White made the parallel explicit last month in a 36-minute Facebook Live video filmed at the corner of Martin Luther King Jr. and Malcolm X avenues in southeast, in the heart of the poor and overwhelmingly black neighborhoods he represents.


Invoking the late Barry - who also represented Ward 8 and often returned to themes of race and personal persecution when facing scandal - White refused to apologize for his ties to the Nation of Islam and suggested his supporters would flood city hall if his colleagues tried to reprimand him.


"I am not resigning, I'm not backing down, I'm not discouraged, I'm not depressed, so run all the media stories you want because my people are going to support me," White said.


Barry often marshaled the volatile forces of race-based politics, arguing that the city's white economic elites were lined up against the interests of black residents. But he did so while deftly retaining the support of some liberal whites and his famous tirades against the news media were offset by phone calls in which he sought to charm or pressure the reporters he was bashing in public.


By contrast, White's defiant message was tailored to his political base. In the absence of a sure hand to calm tensions citywide, worse was to come.

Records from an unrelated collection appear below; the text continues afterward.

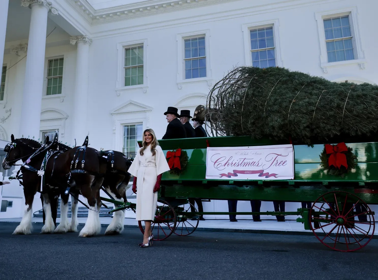 Prvi je bio tradicionalni prijem božićne jelke, koji svake godine otvara sezonu zimskih praznika. Melanija se pojavila u elegantnom belom Dior kompletu, koji je ukrasila bordo kožnim rukavicama.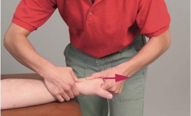 - Patient Position: sitting position with the forearm fully pronated and the palm facing downward. You may pre-position the hand with the joint at the point of restriction.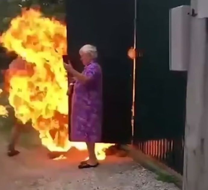 爭執過程中,鄰居企圖奪走火焰噴射器,嫌犯立刻「開火」,頓時冒出大團火焰。火焰吞噬鄰居全身,旁觀的眾人趕緊上前撲滅火勢並將他的衣服脫下,並澆水直到救護車抵達。

Five days after White posted his Facebook video, Lopez, then a former Bowser campaign aide whom the mayor appointed to the board of the D.C. Housing Authority, organized an event he billed as a "unity" rally in support of White. White had no role in organizing the event and did not attend.


It was there that Abdul Khadir Muhammad, a Farrakhan representative, called Silverman a "fake Jew" and referred to Jews as "termites."


Bowser said she asked Lopez to apologize, but did not call for his resignation. Only five of the council's 13 members called for Bowser to dismiss him. Privately, some in city hall said they were stunned that the mayor did not put a stop to the rally beforehand.


"The mayor was in a position to put her foot down and make some kind of declarative statement at numerous junctures throughout this wildfire, and she didn't," said Chuck Thies, a political consultant and frequent Bowser critic. "I think they were trying to figure out how to politically lead during this moment, and this moment didn't call for political leadership. It called for moral leadership."


Asked for comment, Bowser aides pointed to a long message she wrote last week on the Facebook page of Shmuel Herzfeld, an orthodox rabbi who had described her inaction as "personally painful."


"I do not believe that the rise in anti-Semitic remarks over the last several years can be attributed to two individuals, nor do any of us think their punishment would solve the problem," Bowser wrote. "As mayor, it is my hope that the name calling among officials and calls for retribution do not obscure the real issues."


Herzfeld - who interrupted a meeting of District lawmakers Tuesday, shouting "shame on you" - said in an interview that both the mayor and council had taken the easy way out, mouthing platitudes rather than condemning specific actions.


"I don't think we as citizens should allow our elected officials to make political calculations when it comes to bigotry and hatred," said Herzfeld, of Ohev Sholom Synagogue in northwest Washington. "We have to just demand that there's a forceful confrontation, and not just through anodyne comments that aren't really cutting to the core of what was said, and who said it and how it was said."